In the rest of the paper we focus on how, unlike Scotland, policy in England has promoted a shift to the more person-centred medicines optimisation model as a strategic response to the rise of polypharmacy. Although the RPS, The King’s Fund and NICE guideline all support this strategy, as we show below, their reports vary in how integral patient perspectives and person-centred care values are to them, and also in the extent to which they draw on evidence from existing research on people’s experiences of medicines use in general, and polypharmacy in particular.
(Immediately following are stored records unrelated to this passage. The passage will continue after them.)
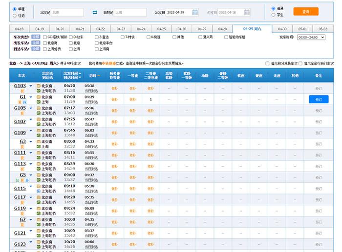 中新財經18日登錄12306官網查詢發(fā)現,4月29日由北京出發(fā)到上海、武漢、南京、西安的旅客列車車票已基本售罄,上述線路4月30日車票也所剩無幾。
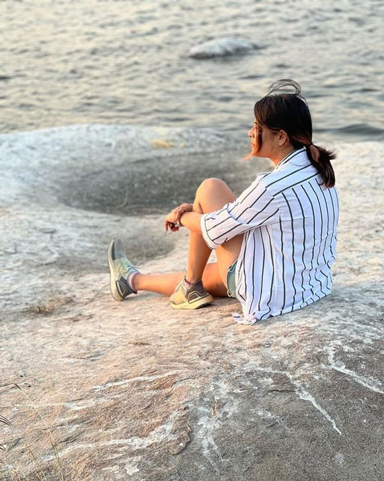 అందులో భాగంగా తన స్ట్రెస్ ను పొగొట్టుకునేందుకు ఈ వీకెండ్ ను నేచర్ తో స్పెండ్ చేసింది. చెరువు గట్టుకు రాతిపై కూర్చొని నేచర్ అందాలను, ప్రశాంతతను ఆస్వాదిస్తోంది. మరోవైపు పొట్టి నెక్కర్, స్లీవ్ లెస్ టీషర్ట్ , ఆపైన షర్ట్ ధరించి గ్లామర్ షోను మాత్రం మరిచిపోలేదు. తన ఎద అందాలను చూపిస్తూ.. సూర్యుడికే చెమటలు పట్టిస్తోంది.
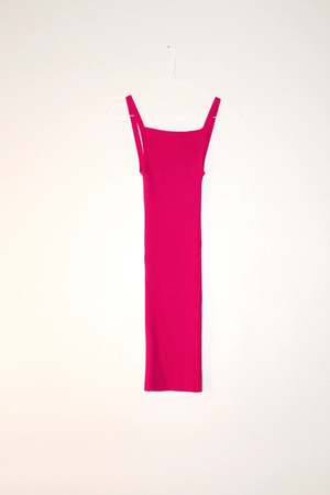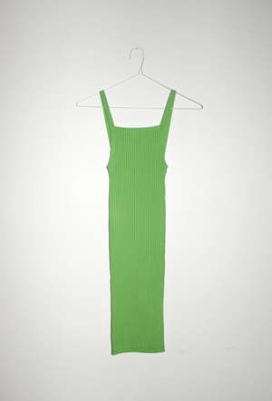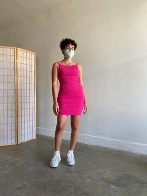 Shrunken ribbed camisole slip dress. Cotton/Nylon/Lycra Garment Length (in inches), measurements taken lying flat: [XS] 31" length from top of strap. [S] 32" length from top of strap. [M] 33" length from top of strap. [L] 34" length from top of strap.
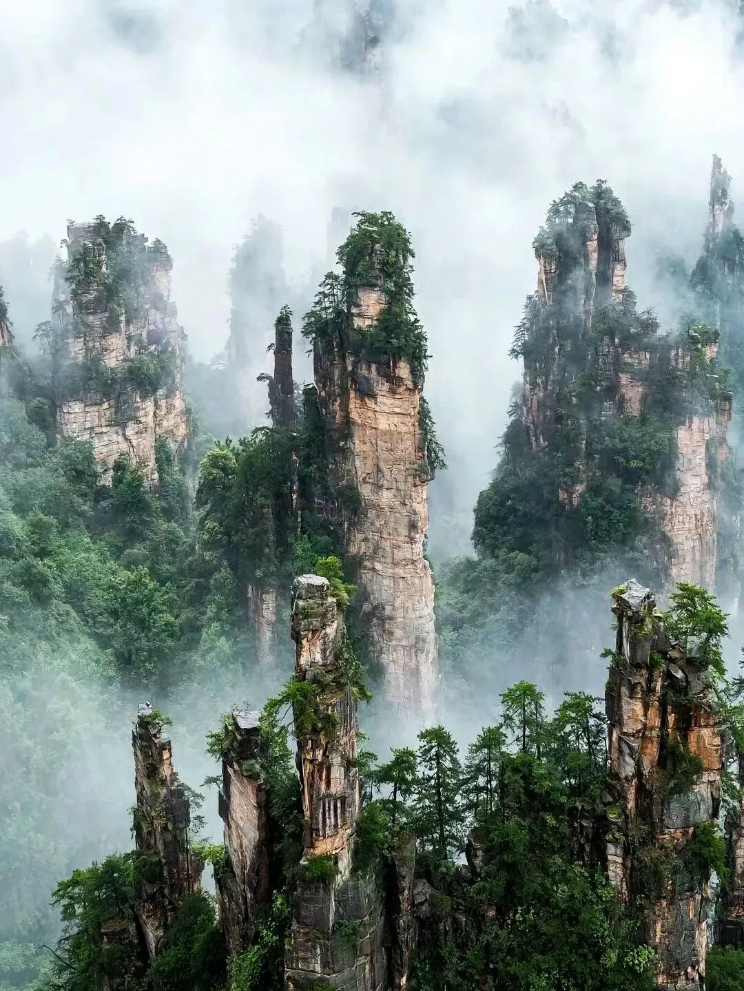 黄山是我心目中最美的山,有“黄山归来不看岳”的美誉,作为一名喜欢登山的旅行者,我曾经6次去过黄山,而假如要寻找一座能和黄山一比高下的景区,我觉得非张家界森林公园莫属,因为这座山很有特色,它不同于黄山的雄奇大气和秀美绝伦,却别具一格,有个专业名称叫“石英砂岩峰林”,在方圆两百多平方公里的景区,竟然有奇峰3103座,真正的“奇峰三千”!
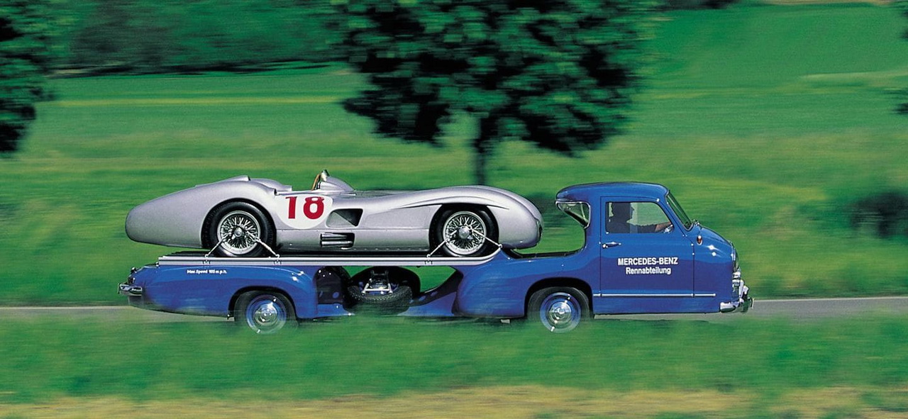 Es una de las historias de las que nunca me canso. Corrían los años 50 y Mercedes necesitaba un transporte para sus flechas de plata. Hablamos de los impresionantes W196, flechas de plata como el 300 SLR donde el gran Fangio y Stirling Moss dominaban la Fórmula 1 de la época. No valía un camión de transporte cualquiera. Necesitaban una máquina rápida que pudiera salvar a Mercedes si hubiera que hacer un viaje a la fábrica. Además, debía ser un transporte a la altura del mejor coche del momento. Con ustedes, el Mercedes Renntransporter.

Centrality of patient perspectives and person-centred care in the guidelines
In the RPS report, medicines optimisation is represented as a ‘step change’ from the medicines management approach, focussing on patients and the outcomes that matter to them, rather than on professionals and the systems and processes that shape how medicines are used (Picton and Wright, Reference Picton and Wright2013: introduction). While the RPS report emphasises the divergence between the two models, both The King’s Fund report and NICE guideline highlight the convergence: they tend to represent medicines optimisation as a broad approach that is facilitated by processes and systems of medicines management.
This difference in perception of the two models is reflected in the extent to which the respective guidelines are formulated around patients. In the RPS guidelines, the need to understand patient experiences is relatively strongly represented, forming one of its four fundamental principles of medicines optimisation. Many of the RPS recommendations are also written from the patient’s viewpoint (see Table 1).
In The King’s Fund report, the importance of determining patient perspectives is a running theme, although here it is represented more as a matter for clinicians to address on an individual basis rather than, say, as a guiding principle of care or a systemic issue, and there are no references to practical information on how to go about this. There is just a short section – less than a page in the 56-page report – summarising what is known about patient experiences of polypharmacy.
Similarly, the 47-page NICE guideline has a one-page section describing ‘person-centred care’ (which it treats as equivalent to ‘patient-centred care’) that is somewhat separate from, and not integrated with, the rest of the report. Moreover, the actual recommendations are mainly concerned with processes and systems for making safe and cost-effective decisions with less space given to ways of facilitating the identification and achievement of person-centred goals. This is also reflected in the companion information NICE produced for the public (NICE, 2015b).
Despite their common support for medicine optimisation, a model that is conceptually distinguished from medicines management by its greater focus on patient perspectives, only The King’s Fund report engages with real examples of the sorts of issues patients have experienced, albeit briefly. In a short section on ‘Polypharmacy and the patient experience’, the authors describe some of the evidence about people’s strategic use of medicines and difficulties coping with the demands of their drug regimens (Duerden et al., Reference Duerden, Avery and Payne2013: 32). They also discuss a key issue that is glossed over in the other reports – that patients and professionals do not always agree about medicines usage – and suggest ways of dealing with this. As they point out, ‘Patients may not want to take multiple medicines, or prefer one treatment over another. Advice should be given on which interventions may be most likely to minimise side effects, reduce symptoms and improve outcomes. Regimens may need to be tailored to fit with patient preferences and “compromise” may be required’ (Duerden et al., Reference Duerden, Avery and Payne2013: 1–2).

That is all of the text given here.